(Material provided)
▼▼▼
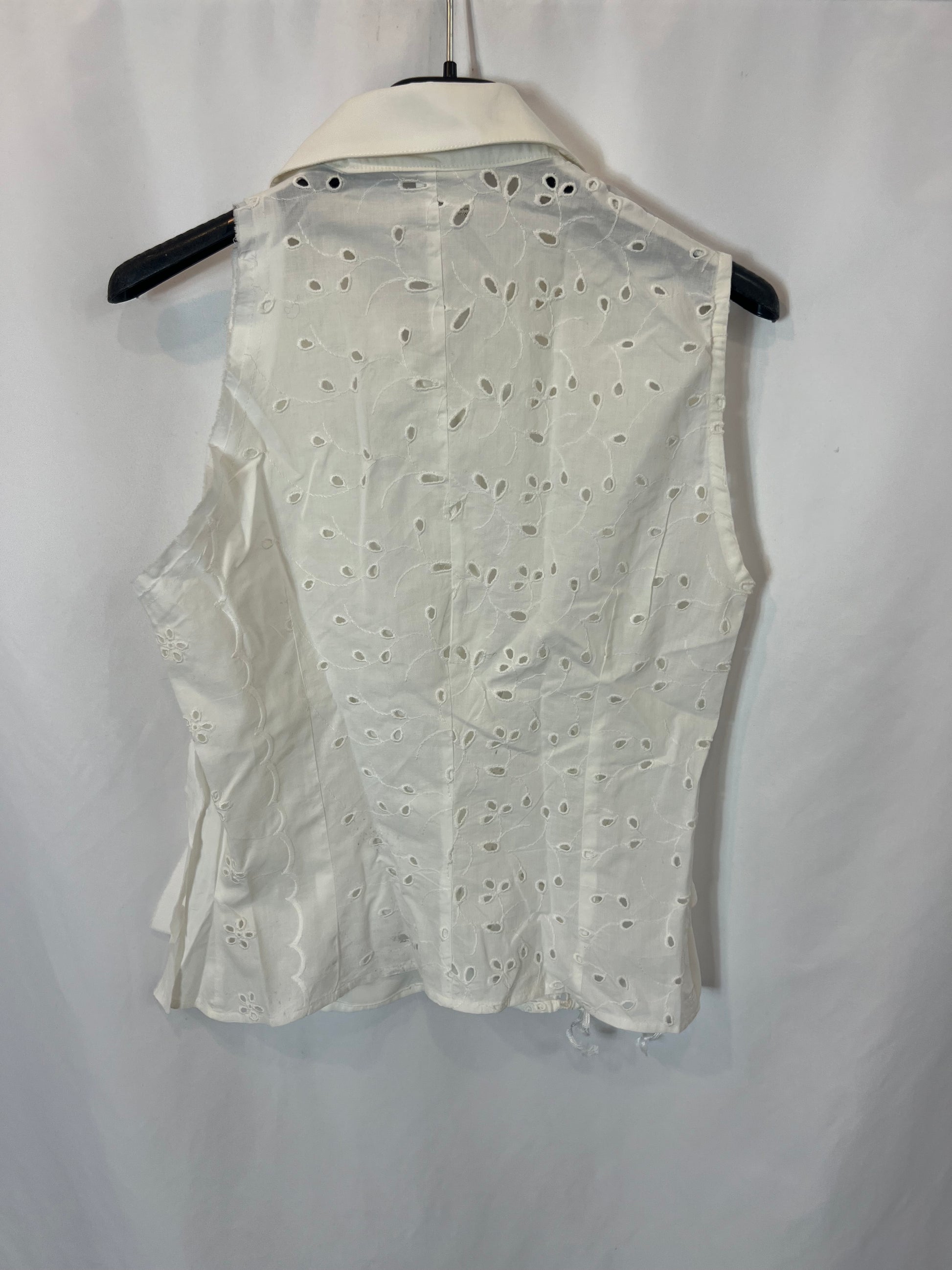 Blusa blanca sin mangas con varias texturas. fruncidos, flecos y troquelado. De sisa a sisa 44cm, largo 52cm
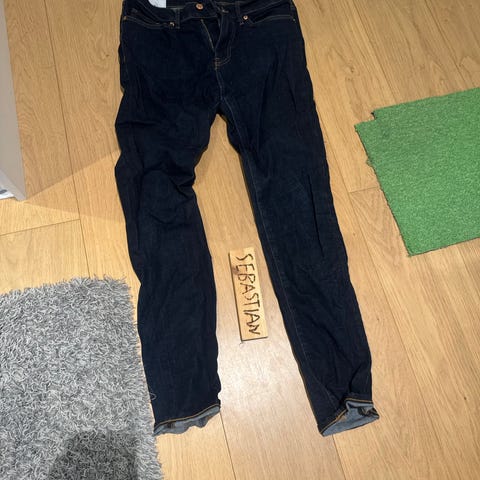 Bershka miesten farkut, valmistettu denimistä. Väri on sininen, vaaleansävyinen farkkukangas. Koko M ja vyötärökoko W31. Perusmalliset viisitaskuiset farkut, joissa vetoketju- ja nappikiinnitys edessä. Sopivat arkikäyttöön ja yhdisteltäväksi erilaisten yläosien kanssa. Pois myyntiin sillä itselle liian lyhyet.
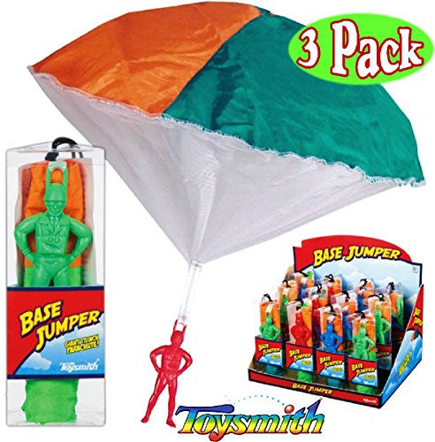 Gift Set Bundle Includes 3 Different Base Jumpers (Red, Blue & Green)! Launch these 4" base jumpers and watch them go! Each jumper comes with a no-tangle 17" diameter parachute. Perfect for travel, party favors, giveaways, schools, organizations, stocking stuffers, & so much more! Perfect for ages 5 and up.
▲▲▲
(What the exercise asks)
Restating the data word for word is the task, and pictures are to be omitted.

(Final answer)
 Blusa blanca sin mangas con varias texturas. fruncidos, flecos y troquelado. De sisa a sisa 44cm, largo 52cm
 Bershka miesten farkut, valmistettu denimistä. Väri on sininen, vaaleansävyinen farkkukangas. Koko M ja vyötärökoko W31. Perusmalliset viisitaskuiset farkut, joissa vetoketju- ja nappikiinnitys edessä. Sopivat arkikäyttöön ja yhdisteltäväksi erilaisten yläosien kanssa. Pois myyntiin sillä itselle liian lyhyet.
 Gift Set Bundle Includes 3 Different Base Jumpers (Red, Blue & Green)! Launch these 4" base jumpers and watch them go! Each jumper comes with a no-tangle 17" diameter parachute. Perfect for travel, party favors, giveaways, schools, organizations, stocking stuffers, & so much more! Perfect for ages 5 and up.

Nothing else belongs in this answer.